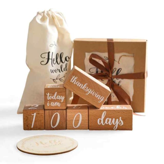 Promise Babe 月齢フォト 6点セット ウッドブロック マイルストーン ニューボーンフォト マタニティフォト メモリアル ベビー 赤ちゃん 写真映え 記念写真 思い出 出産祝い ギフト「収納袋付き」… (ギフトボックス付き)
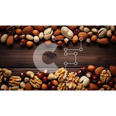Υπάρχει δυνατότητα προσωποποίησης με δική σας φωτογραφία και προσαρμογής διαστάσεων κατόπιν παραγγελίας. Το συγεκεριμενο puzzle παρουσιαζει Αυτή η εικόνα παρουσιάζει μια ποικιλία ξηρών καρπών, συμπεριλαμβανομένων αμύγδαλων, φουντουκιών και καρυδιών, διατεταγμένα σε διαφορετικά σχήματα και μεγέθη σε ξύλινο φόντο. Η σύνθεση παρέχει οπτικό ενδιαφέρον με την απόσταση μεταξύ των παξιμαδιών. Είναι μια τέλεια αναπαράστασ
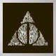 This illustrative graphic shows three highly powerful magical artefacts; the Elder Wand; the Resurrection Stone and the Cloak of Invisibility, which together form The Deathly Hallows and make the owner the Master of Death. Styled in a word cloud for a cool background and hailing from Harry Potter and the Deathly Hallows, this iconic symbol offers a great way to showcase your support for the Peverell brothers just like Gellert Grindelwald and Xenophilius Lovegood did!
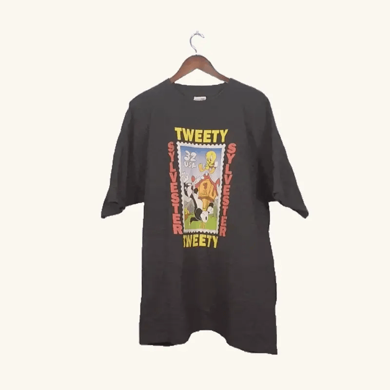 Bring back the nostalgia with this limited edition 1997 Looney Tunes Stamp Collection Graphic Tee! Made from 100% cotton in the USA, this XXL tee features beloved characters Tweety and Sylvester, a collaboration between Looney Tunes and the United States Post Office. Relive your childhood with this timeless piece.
======
__Problem requirements__
The expected output is every line of the data, unchanged, with the pictures skipped.

__Output for this task__
 Promise Babe 月齢フォト 6点セット ウッドブロック マイルストーン ニューボーンフォト マタニティフォト メモリアル ベビー 赤ちゃん 写真映え 記念写真 思い出 出産祝い ギフト「収納袋付き」… (ギフトボックス付き)
Υπάρχει δυνατότητα προσωποποίησης με δική σας φωτογραφία και προσαρμογής διαστάσεων κατόπιν παραγγελίας. Το συγεκεριμενο puzzle παρουσιαζει Αυτή η εικόνα παρουσιάζει μια ποικιλία ξηρών καρπών, συμπεριλαμβανομένων αμύγδαλων, φουντουκιών και καρυδιών, διατεταγμένα σε διαφορετικά σχήματα και μεγέθη σε ξύλινο φόντο. Η σύνθεση παρέχει οπτικό ενδιαφέρον με την απόσταση μεταξύ των παξιμαδιών. Είναι μια τέλεια αναπαράστασ
 This illustrative graphic shows three highly powerful magical artefacts; the Elder Wand; the Resurrection Stone and the Cloak of Invisibility, which together form The Deathly Hallows and make the owner the Master of Death. Styled in a word cloud for a cool background and hailing from Harry Potter and the Deathly Hallows, this iconic symbol offers a great way to showcase your support for the Peverell brothers just like Gellert Grindelwald and Xenophilius Lovegood did!
 Bring back the nostalgia with this limited edition 1997 Looney Tunes Stamp Collection Graphic Tee! Made from 100% cotton in the USA, this XXL tee features beloved characters Tweety and Sylvester, a collaboration between Looney Tunes and the United States Post Office. Relive your childhood with this timeless piece.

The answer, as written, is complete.